Laos: Investigate Prominent Dissident’s Death
The late Sisay Luangmonda (widely known by his social media name Bao Mor Khaen).
© Private
(Bangkok) – Lao authorities should urgently and impartially investigate the suspicious death of an outspoken critic of the government and appropriately prosecute those responsible, Human Rights Watch said today.
On February 20, 2026, the body of Sisay Luangmonda, widely known by his social media name Bao Mor Khaen, 32, was found on a roadside in Hadxayfong district, outside the capital, Vientiane, four days after his family reported to local authorities that he was missing. The Manushya Foundation, which monitors human rights in Laos, reported that Sisay had not been seen since soldiers arrested him outside Vientiane between 9 and 10 p.m. on February 14 and took him to Phonthan Prison.
“The Laotian authorities should immediately and impartially investigate the suspicious death of a prominent government critic,” said Elaine Pearson, Asia director at Human Rights Watch. “Sisay’s death sends a spine-chilling message to critics of the Lao government, deepening the climate of fear in the country.”
Sisay had received death threats related to his social media commentary criticizing corruption and mismanagement by the ruling Lao People’s Revolutionary Party.
After Sisay’s arrest, Lao authorities provided no information about his whereabouts to his family and did not respond to allegations that he had been forcibly disappeared. Sisay’s family said that since his body was found, Lao authorities have not started an investigation or conducted a forensic examination of his remains.
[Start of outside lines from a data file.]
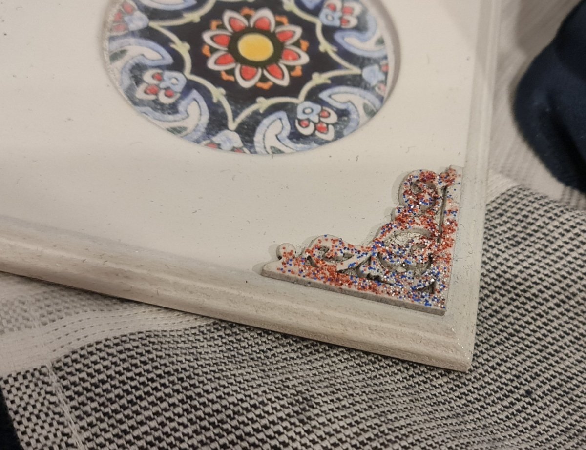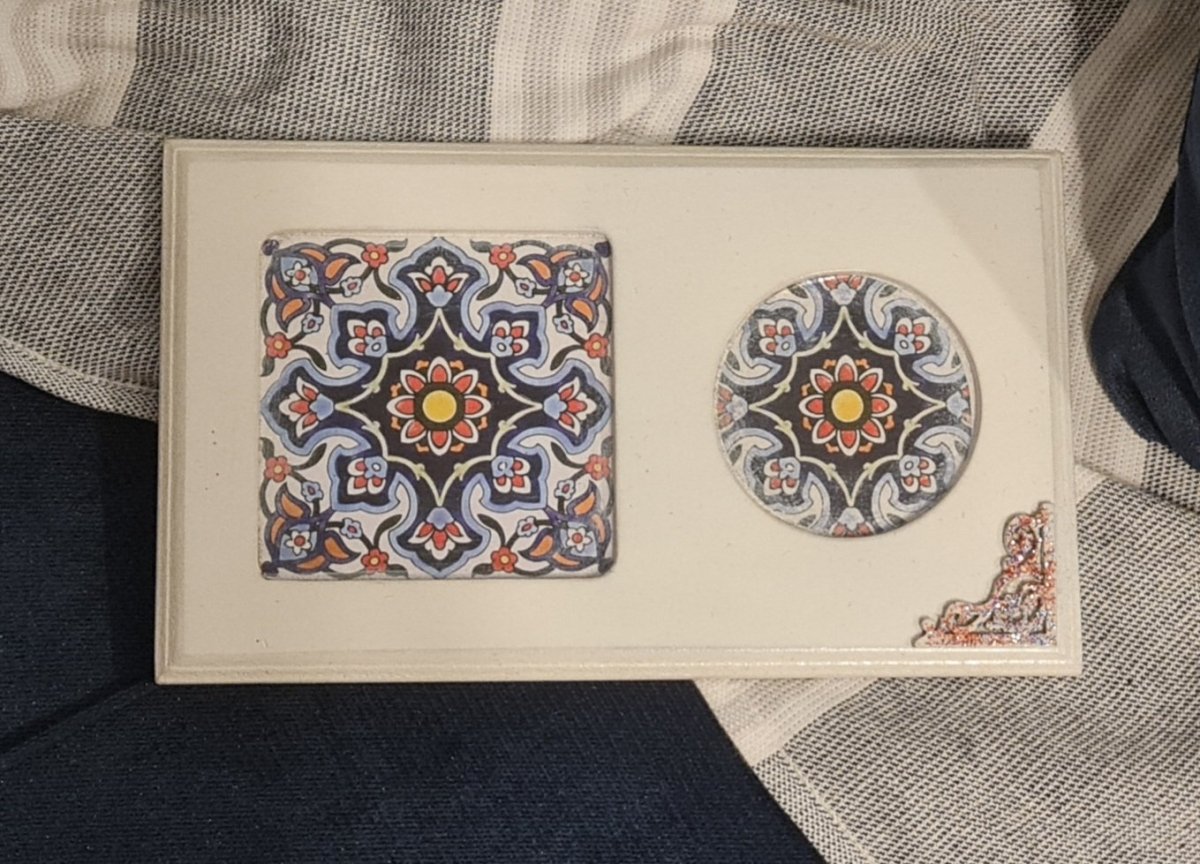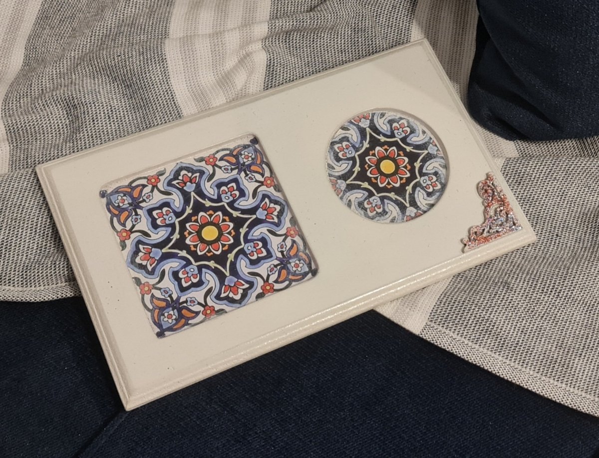 Coaster with an Arabic design that combines simplicity and elegance MDF wood Size 24 x 14 cm White color
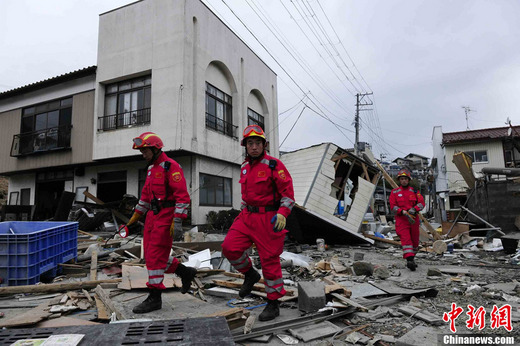 3月15日下午,幾天前抵達(dá)日本巖手縣大船渡市的中國國際救援隊(duì)隊(duì)員在進(jìn)行搜救。大船渡市緊鄰海港,是此次日本大地震中受災(zāi)最嚴(yán)重的地區(qū)之一。中新社發(fā) 侯宇 攝
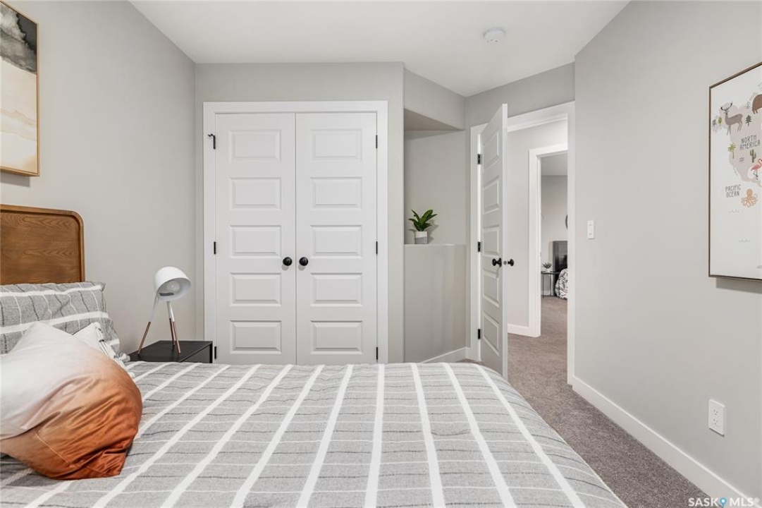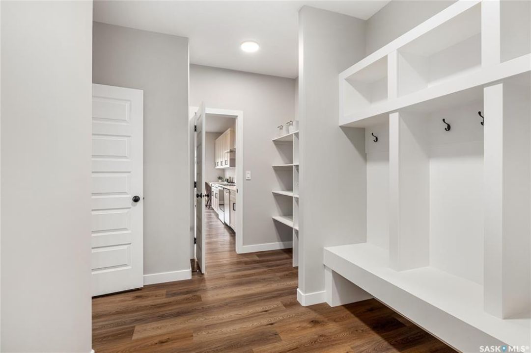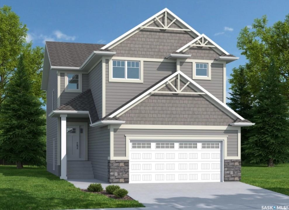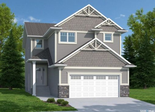 UNDER CONSTRUCTION. Welcome to "The Starkenberg" by premier builder Ehrenburg Homes, located in the vibrant Eastbrook community. This beautifully designed two-storey offers 2,000 sq. ft. of functional living space with premium finishes throughout. The main floor features a bright, open-concept layout—perfect for family living and entertaining. A spacious living room showcases a striking stack-stone feature wall and elegant electric fireplace, while large windows fill the space with natural light. At the heart of the home, the contemporary kitchen includes quartz countertops, a large island with eating bar, modern cabinetry, and a generous walk-in pantry. The adjoining dining area is ideal for gatherings and offers direct access to the backyard deck. A convenient 2-piece bath and a functional mudroom off the garage round off the main level. Upstairs, the primary suite is a true retreat with a walk-in closet and private 3-piece ensuite complete with dual sinks. Three additional bedrooms, a full bath, and a dedicated laundry room provide everyday comfort and convenience. A versatile bonus room adds even more living space—perfect as a family lounge, playroom, or home office. The basement is open and ready for your future development, whether you envision a rec room, gym, or guest suite. Outside, enjoy thoughtful details like front landscaping, underground sprinklers, a front sidewalk, a backyard deck, and a double attached garage with direct entry through the mudroom. Backed by Saskatchewan New Home Warranty protection and Ehrenburg's superior craftsmanship, The Starkenberg offers the perfect blend of style, space, and peace of mind. (PST/GST included in purchase price). NOTE: Interior photos are from a previous build of the same model; some colours may vary.
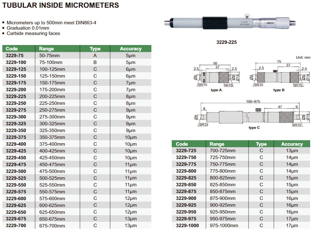 INSIZE 3229-625 Přesné dvoudotekové mikrometrické odpichy 600-625mm / 0,01mm
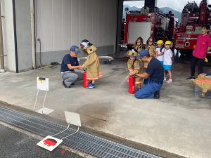 まずは、消防士さんの服やヘルメットを実際に着て消火器を使って消火訓練を行いました。
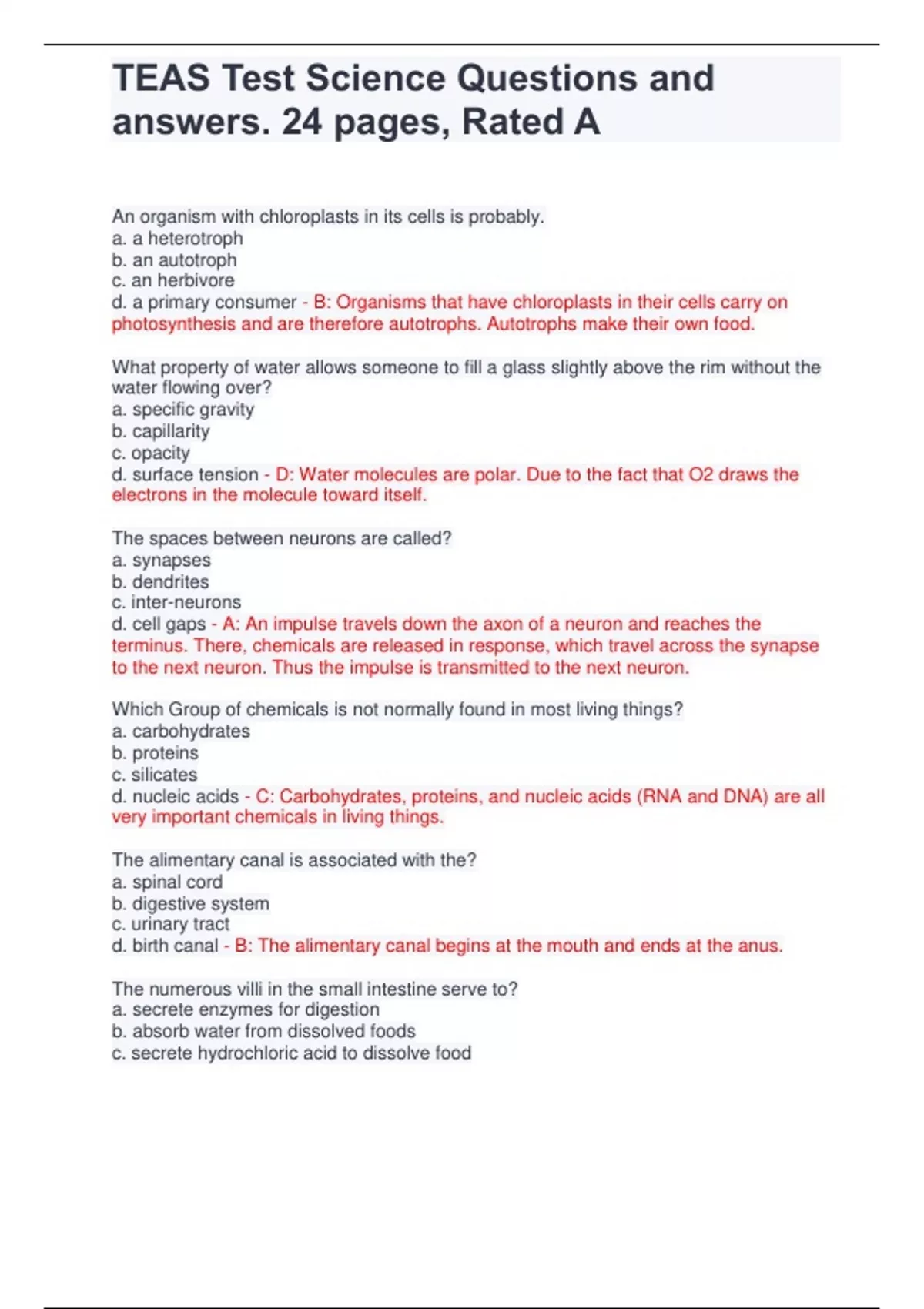 TEAS Test Science Questions and answers. 24 pages, Rated A
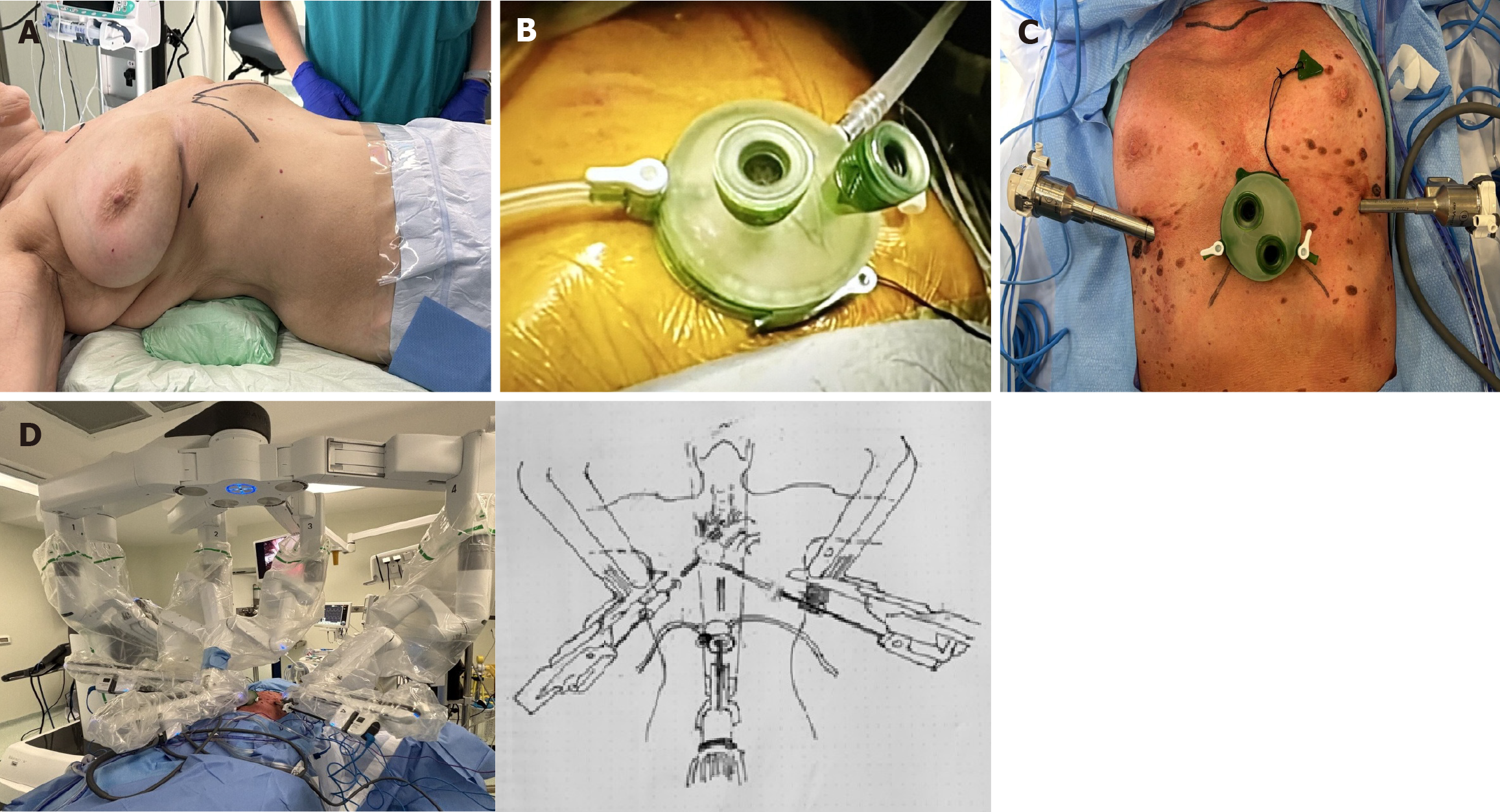 A: Patient position for the subxiphoid robotic-assisted thoracic surgery (RATS) approach; B: The gel port is positioned through the subxiphoid incision, with the carbon dioxide tubing connected to maintain insufflation during the robotic-assisted procedure; C: Port configuration for the subxiphoid RATS approach. The gel port is positioned through the subxiphoid incision and connected to the carbon dioxide insufflation line to maintain the operative field. Two additional trocars are placed - one on the right and one on the left side - to allow optimal access for the robotic instruments; D: The robotic system operating during the subxiphoid RATS.

The government has suppressed activists and dissidents since seizing power in 1975 under a one-party, authoritarian system. Sombath Somphone, a pioneer in community-based development and youth empowerment, was forcibly disappeared after being held in police custody in Vientiane in December 2012. An unidentified gunman shot and seriously wounded Anousa Luangsuphom, an activist and online critic of the government, in April 2023 in Vientiane. Saysomphone Chilikham, a member of the group Alliance For Democracy in Laos, was forcibly disappeared in February 2024.
International law defines enforced disappearance as the detention of a person by state officials or their agents and a refusal to acknowledge the detention or to reveal the person’s fate or whereabouts. Disappearances are especially painful for the victims’ families. In September 2008, Laos signed the International Convention for the Protection of All Persons from Enforced Disappearance but has yet to ratify it.
Activists who have fled persecution in Laos to neighboring countries have remained at risk, Human Rights Watch said. In May 2023, an exiled Lao political activist, Bounsuan Kitiyano, was shot dead in Ubon Ratchathani province in northeastern Thailand. Od Sayavong, a leading Lao human rights and democracy activist living in Bangkok, has been missing since August 2019.
None of the attacks on Lao dissidents and government critics in Laos or in neighboring countries have been resolved or anyone brought to justice.
During its Universal Periodic Review before the United Nations Human Rights Council in 2025, Laos “accepted” multiple recommendations to investigate enforced disappearances but only “noted” the five recommendations on protecting human rights defenders. In August 2025, UN human rights experts urged the Lao government to comply with its obligations to investigate all cases of unlawful killings.
“The Lao government has long carried out arbitrary arrests, enforced disappearances, and extrajudicial killings of its critics,” Pearson said. “Concerned governments and UN human rights bodies should use every available opportunity to press Lao authorities to fully investigate and appropriately prosecute those responsible for serious abuses.”